La corsa verso la candidatura italiana agli Oscar potrebbe essere favorita anche dal recente successo riscosso a New York. Com’è andata?
“Il film è stato proiettato al Lincoln Center, nell’ambito di “Open Roads”. E si è trattato di tre proiezioni con la sala strapiena ed entusiasta. Addirittura, mi hanno fatto tornare per il dibattito col direttore artistico Richard Pena al termine di ciascuna proiezione, mentre da programma avrei dovuto parlare una volta soltanto”.
Intanto, in autunno il pubblico italiano potrà vedere la versione lunga di Noi credevamo su Raitre, nell’ambito di un ciclo sul cinema italiano di qualità previsto per il giovedì sera. Cosa si aspetta dal passaggio televisivo?
“Innanzitutto, sono davvero contento che vi sia questa possibilità, senza alcuno snobismo nei confronti della televisione. Fin da quando l’ho progettato anni fa, infatti, ho sempre considerato questo come un film radical-popolare: radicale per il modo nel quale affronta il Risorgimento, popolare per come intende comunicarlo a quanti più italiani possibile. E mi sembra importante che tanta altra gente possa conoscere un’opera con la quale ho provato a dar voce a coloro che la storia ha dimenticato o relegato sullo sfondo, come per esempio i repubblicani o quel Mazzini ridotto a un santino bidimensionale. Quel periodo storico, infatti, non è fatto soltanto di scontri diplomatici o movimenti bellici, ma anche di tanta gente comune, tanti ragazzi soprattutto, che dal basso hanno deciso che era giunto il momento di cambiare le cose”.

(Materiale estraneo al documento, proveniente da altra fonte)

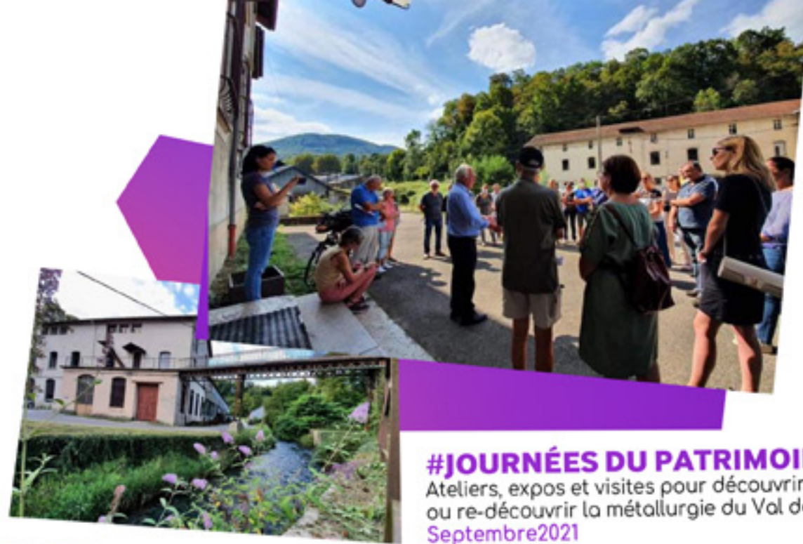
#JOURNÉES DU PATRIMOINE Ateliers, expos et visites pour découvrir ou re-découvrir la métallurgie du Val de Fure. Septembre 2021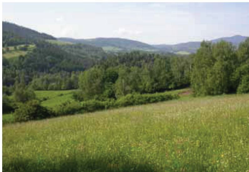
Obr. 4 – Přírodní památka V polích.

Fig. 3 – Míchov Nature Reserve.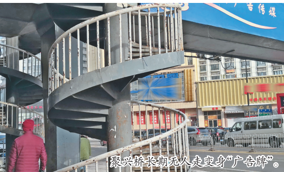
聚兴桥长期无人走变身“广告牌”。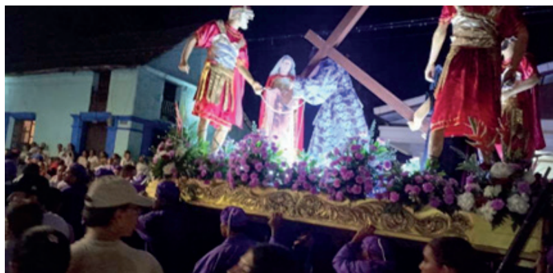
Figura 5. Miércoles Santo, cargadores llevando el Nazareno.

Nota. Misma imagen religiosa desde 1859.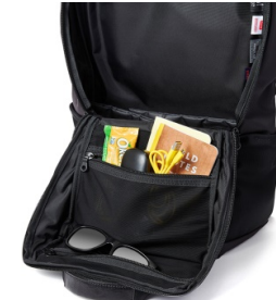
本体前面の裏側にはファスナー開閉のフリーポケット×2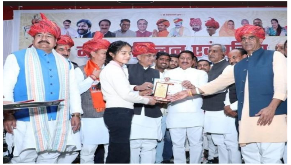
गुर्जर समाज की प्रतिभाओं का सम्मान करते अतिथि।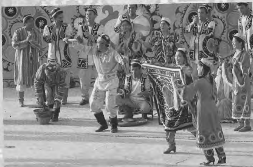
Халқ ансамблининг чиқиши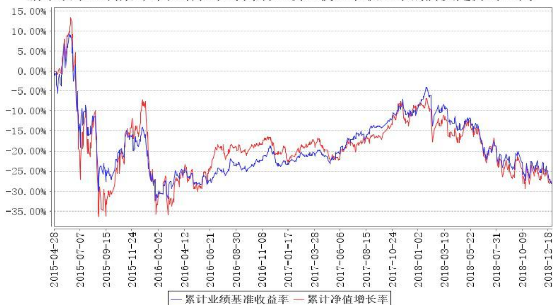
鹏华改革红利累计净值增长率与同期业绩比较基准收益率的历史走势对比图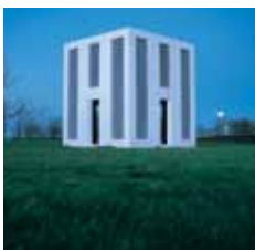
Beton, strækmetal, glas, vandbassiner, LED lys. Mål: Højde: 7,00 m. Længde: 9,00 m. Bredde: 4,50 m.

Abyss er lige dele skulptur og arkitektur. En enkel søjlebåren konstruktion formet som en rombe. Den står som et monument i det offentlige rum og er med den hvidmalede overflade forsonlig i forhold til sine omgivelser og det arkitektoniske landskab i Birk Centerpark. Skulpturens mørke indre afslører en nattehimmel med små lysende stjerner, der genspejles i vandbassinernes dybe afgrund.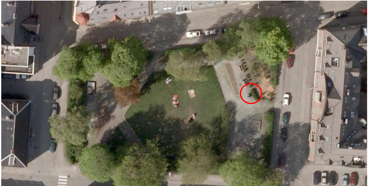
Ortofoto fra 2008 er det mest tydelige og viser statuens plassering, markert med rød sirkel.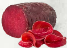
Polovica Bresaole italijansko poreklo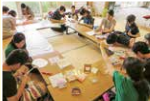
障がい児学童支援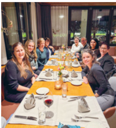
Betreuungspersonen des Tagesfamilienvereins Aadorf zusammen mit Vorstand, Geschäftsstellenleiter und Koordinatorin im Restaurant Heidelberg.

Der Dankesanlass wurde in dieser Form zum letzten Mal durchgeführt. Ab Januar 2026 bündeln der Tages-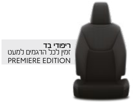
ריפודי בד זמין לכני הדגמים למעט PREMIERE EDITION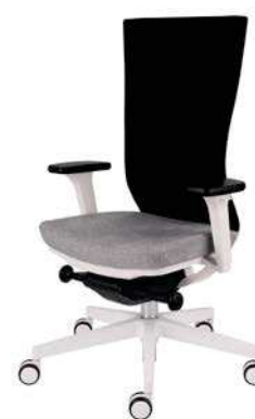
Marti WS White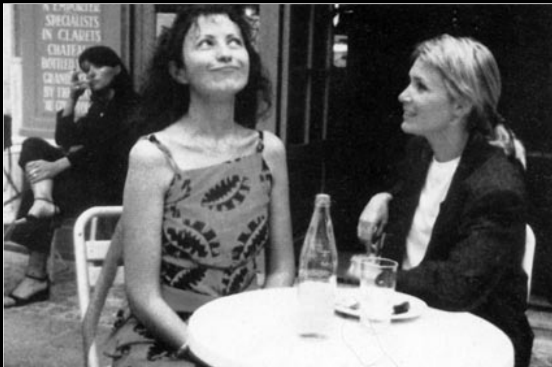
El rayo verde

1927). Als estudis i aproximacions a l'obra de Rohmer, és quasi obligada fer referència a l'obra i figura de Murnau com una de les influències més notables sobre el seu cinema, ja que, entre d'altres aspectes presents a les pel·lícules, la tesi doctoral del cineasta francès era una anàlisi de la utilització de l'espai al film Faust - Eine deutsche Volkssage ( Fausto , 1926), del director alemany, 9 un factor que demostra d'una forma cristal·lina l'interès personal de Rohmer pel cineasta nascut a Bielefeld l'any 1888.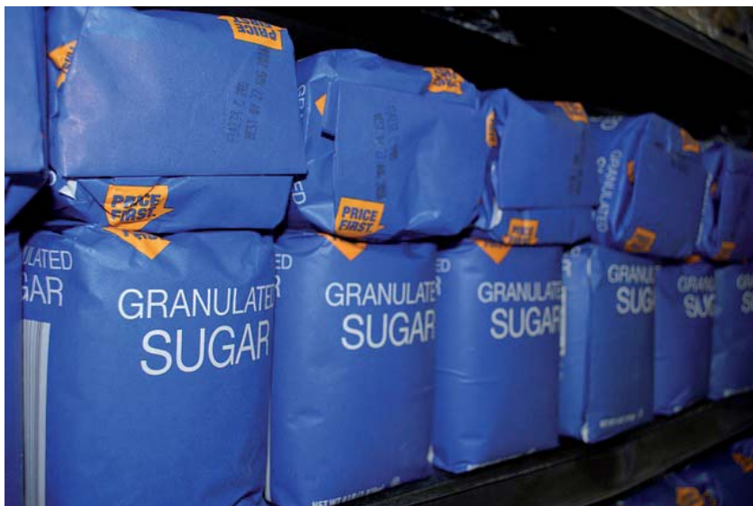
Mercancías que pueden ser transportadas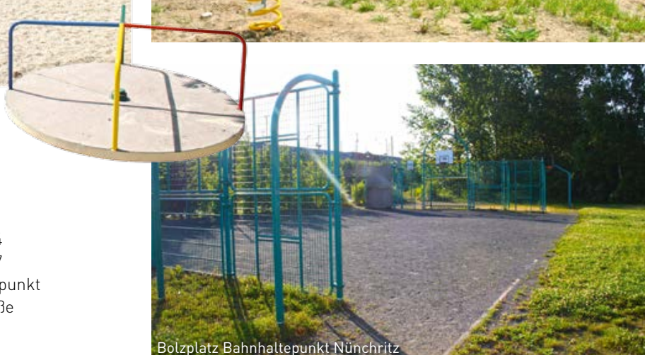
Bolzplatz Bahnhofpunkt Nünchritz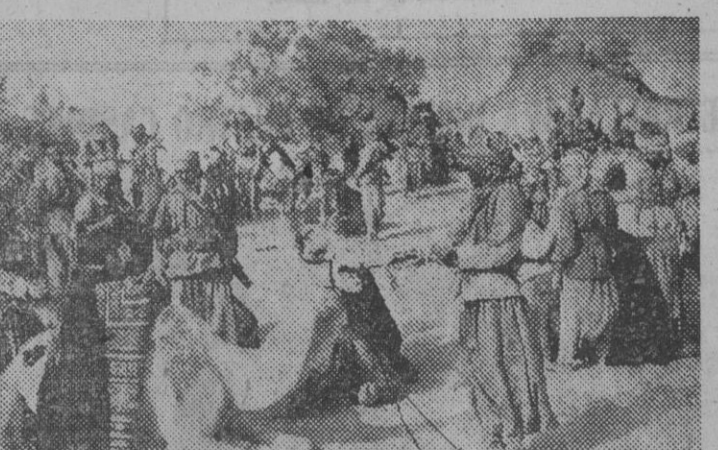
El camello es uno de los elementos que, en contraste con los vehículos motorizados, actúan en el frente libico, por su resistencia, docilidad y por encontrarse en su propio ambiente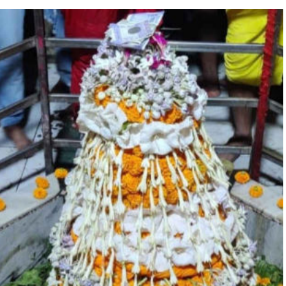
3 मटेश्वरधाम मंदिर के शिवलिंग का किया गया श्रृंगार पूजा

झांसी उत्तर प्रदेश, उदयापुर, राजस्थान मध्यप्रदेश, भोपाल, बिहार, दरभंगा पटना, भागलपुर, सिलीगुड़ी, रांची, झारखंड, से एक साथ प्रकाशित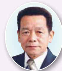
副議長 岩崎喜久雄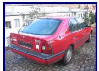
Mein alter, treuer Freund. Abgemeldet und verkauft! Schnief...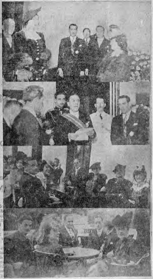
Interesantes aspectos de la espléndida recepción ofrecida anoche en honor de señor Presidente de la República de Panamá, doctor Arias, en cuyo acto el jefe del estado de la nación costarricense impuso la condecoración de la orden nacional panameña de Vasco Núñez de Balboa al señor Presidente de la República de Costa Rica, doctor Calderón Guardia, quien aparece en la foto del medio haciendo el discurso con que aceptó y agradeció el homenaje de que fue objeto.

Unico Distribuidor BAZAR MORANO Bajos del Diario de Costa Rica

E ogni riferimento al presente non è puramente casuale…
“Assolutamente no. Già il titolo coniugato all’imperfetto mi ha affascinato proprio per l’idea di tradimento ideale prolungatosi nel tempo. D’altra parte, l’Italia è un Paese opaco che ha sempre avuto problemi a rapportarsi con la propria storia e col proprio passato: un rapporto né pacificato né risolto. Evidentemente hanno ragione coloro che sottolineano come Noi credevamo sia riuscito ad anticipare un certo spirito dei tempi, che stiamo vivendo da qualche mese a questa parte sulle due sponde del Mediterraneo. Tra l’altro, la prima ispirazione per il film mi è venuta quando, nel 1996, girai il cortometraggio Una storia saharawi, dedicato a questo popolo che vive diviso tra i territori occupati del Sahara Occidentale marocchino e i campi profughi nel deserto algerino. E oggi mi piacerebbe tornare a occuparmi di loro”.

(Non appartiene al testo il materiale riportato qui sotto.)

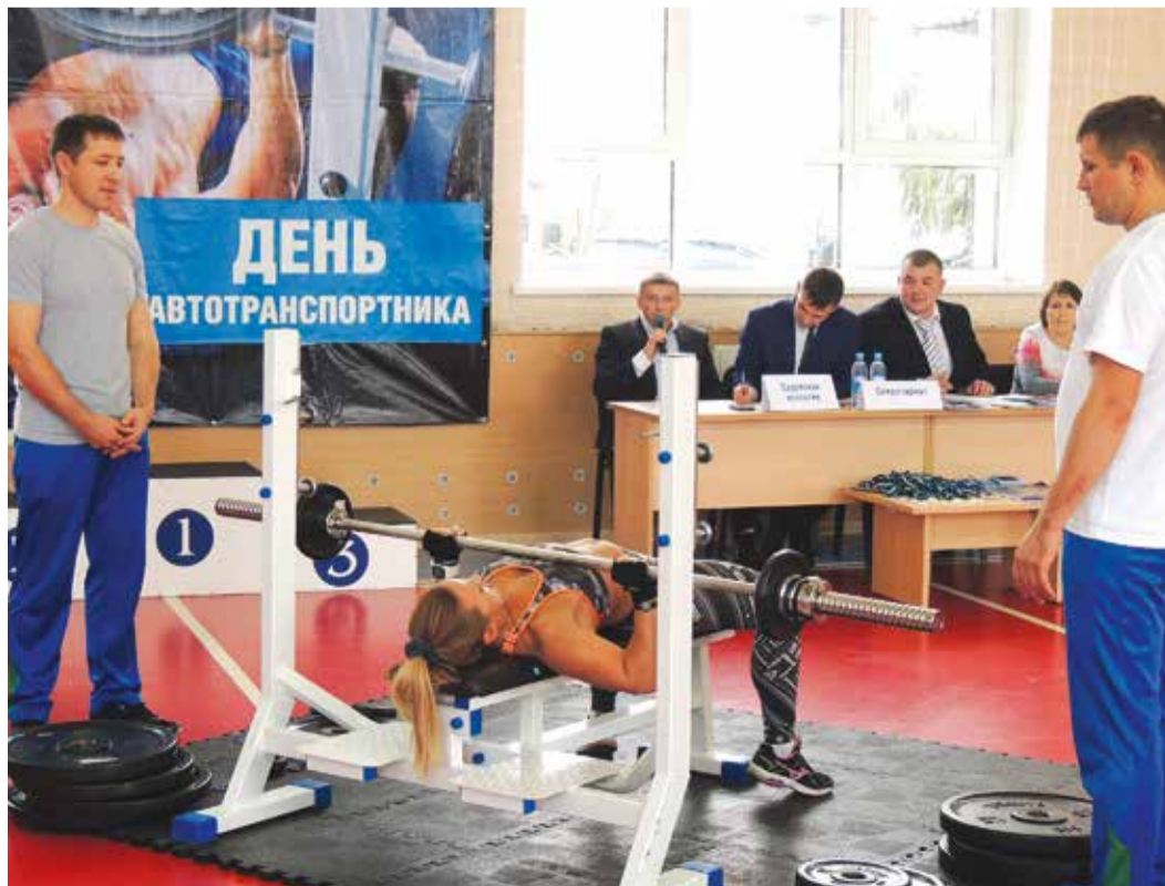
Женщины «Газпром трансгаз Уфа» со штангой на «ты»

Кира ПАВЛОВА, Алексей САЙФУТДИНОВ.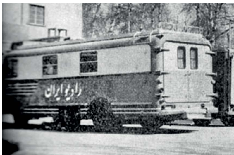
یکی از خودروهایی که در اختیار رادیو بود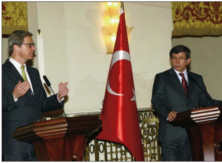
Վեսթերվելէ եւ Տաւութօղլու

Անդրադառնալով այն հարցին, թէ արդեօք Ֆրանսայի նոր նախագահ Ֆրանսուա Հոլլանտի՝ երկ նախատեսուած Գերմանիա այցելութեան ընթացքին պիտի քննարկուի՞ն Թուրքիա-Եւրոպական Միութիւն յարաբերութիւնները, ան

L’autodeterminazione dei saharawi oggi, dopo quella degli italiani nell’800, potrebbe essere, dunque, al centro di un suo prossimo film?
“Per adesso si tratta di un desiderio, più che di un vero progetto. Comunque, penso che il momento storico per tornare a occuparmi di queste tematiche sia arrivato”.

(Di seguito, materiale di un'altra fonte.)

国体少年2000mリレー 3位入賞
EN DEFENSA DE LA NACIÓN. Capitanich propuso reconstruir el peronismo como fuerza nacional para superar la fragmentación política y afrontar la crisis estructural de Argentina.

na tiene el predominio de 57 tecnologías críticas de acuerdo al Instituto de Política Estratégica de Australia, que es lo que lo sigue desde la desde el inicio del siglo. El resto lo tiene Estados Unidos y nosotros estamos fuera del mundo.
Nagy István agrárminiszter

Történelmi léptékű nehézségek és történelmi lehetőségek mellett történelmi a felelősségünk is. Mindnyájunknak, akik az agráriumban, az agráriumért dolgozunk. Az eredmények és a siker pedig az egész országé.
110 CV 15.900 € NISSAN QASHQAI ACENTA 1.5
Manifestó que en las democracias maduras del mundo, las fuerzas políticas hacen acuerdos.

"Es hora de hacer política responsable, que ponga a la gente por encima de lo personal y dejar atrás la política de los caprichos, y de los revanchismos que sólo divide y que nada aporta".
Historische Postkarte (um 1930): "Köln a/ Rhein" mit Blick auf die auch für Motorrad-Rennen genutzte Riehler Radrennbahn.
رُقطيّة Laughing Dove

Nel frattempo, a settembre sarà in giuria alla Mostra di Venezia. Come vivrà questa esperienza?
“Con grande senso di responsabilità. Sono già stato in giuria anni fa a Cannes e ancora a Venezia e credo che sia decisiva l’attenzione verso tutti i film. Delle precedenti esperienze, poi, serbo bellissimi ricordi dei rapporti umani che si instaurano con gli altri membri, ai quali ti unisce la fortissima passione per il cinema. Naturalmente, pur con grande imparzialità, cercherò di far ottenere ai film italiani l’attenzione che meritano da parte di tutti i giurati”.